富士山

日本列島の中央部にそびえ立つ富士山、その壮大で美しい様子は、日本人の精神的なよりどころ、誇りとなっているのではないでしょうか。また、海外においても、日本を象徴するものとして知られています。

富士山は、山梨県と静岡県の県境に位置している標高3,776m、日本一の高さを誇る山です。円錐型の玄武岩質成層火山で、大量の溶岩流出によって作られた広い裾野にひろがる溶岩洞穴群や、溶岩樹形群、湧水群のほかにも、広大な原始林など、豊かな自然が広がっています。

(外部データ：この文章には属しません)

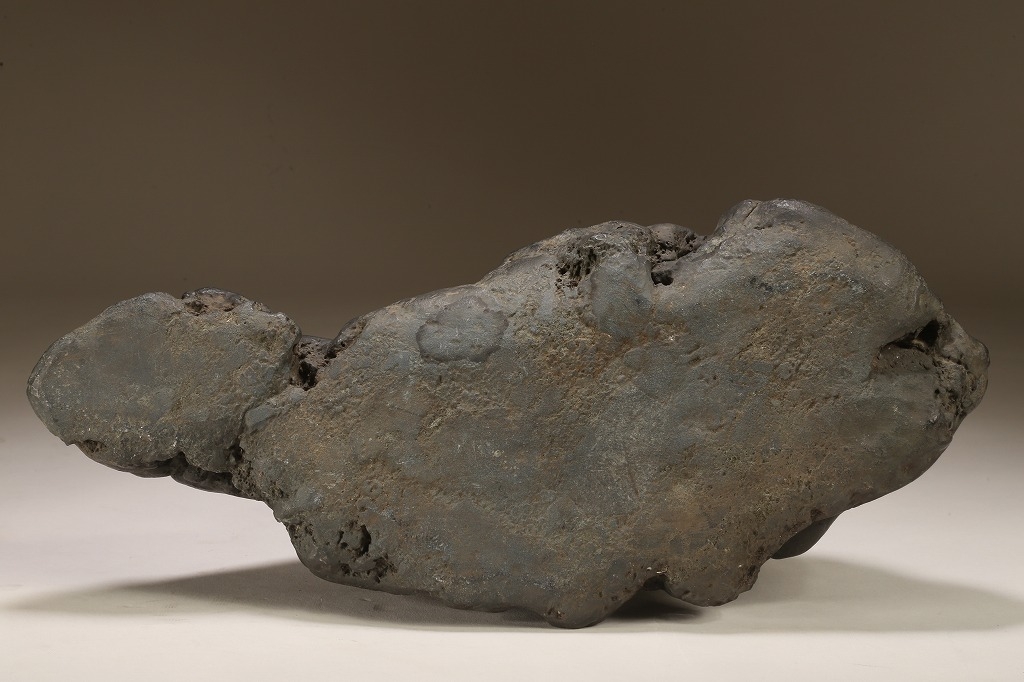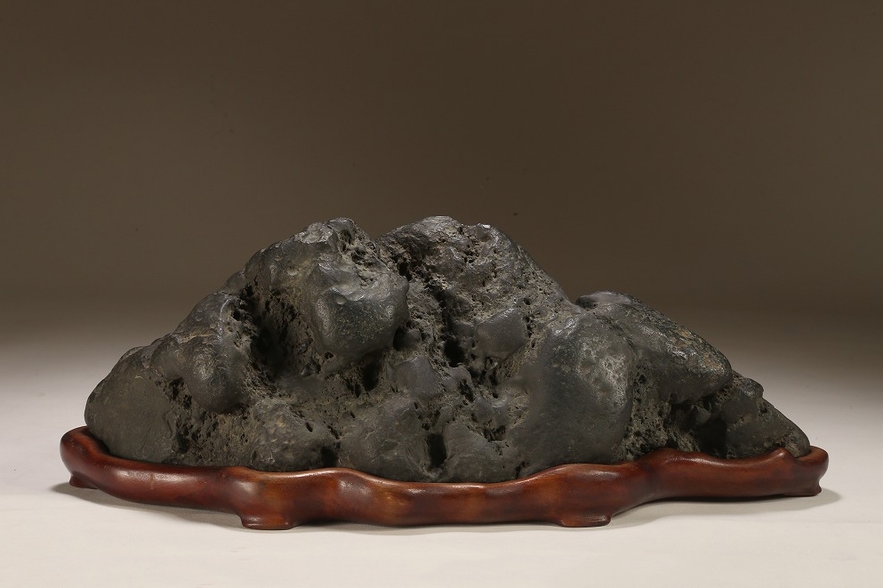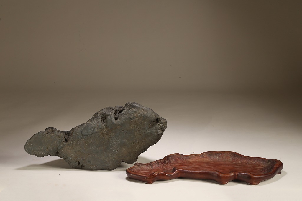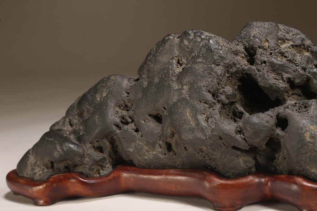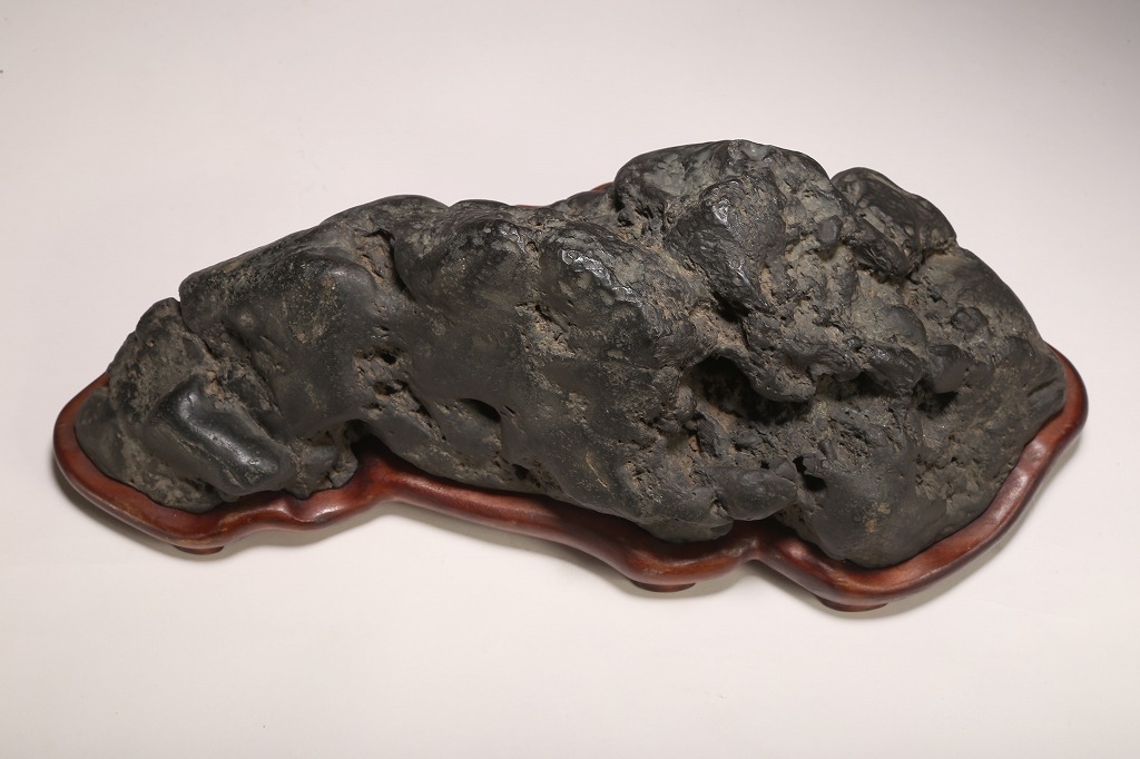 量感豊かな山容を示す“北の名石“ 千軒石の古感見事な一石です。松前古潭とも呼ばれる千軒石は、加茂川石や八海山石と並んで、真黒質の良石の産地として名高く、本石も同産の石の中では古石に入る時代のものです。底部の擦り加工はありますが、台上の石相には一切の加工のない天然石です。台座姿は勿論のこと、水盤仕立てでも、雄大な景趣が楽しめる“王道の一石“です。

また富士山は、その圧倒的な存在感から、霊峰富士として古くから様々な信仰の場所として崇拝されてきました。
平安時代初期には、富士山の噴火を鎮めるために、浅間神社が建てられて、平安時代後期には修験道の道場として栄えていました。室町時代には登山道が開かれて、登拝する山として庶民に親しまれ、室町時代末期からは”富士講”が組織されるようになりました。このような日本独特の山岳民衆信仰に基づいた登山は、現在でも保たれていて、特に夏季を中心として富士山を訪れるたくさんの登山客は、富士登山の特徴となっています。

富士山は、観光地化やゴミ問題などがあって自然遺産への登録が見送られたという経緯があるので、現在は文化遺産への登録を目指しているのですが、富士山は日本一の山、日本人の誇りです。時間がかかっても自然遺産、または自然遺産と文化遺産の両方の価値を持った、複合遺産として登録されることを目指しています。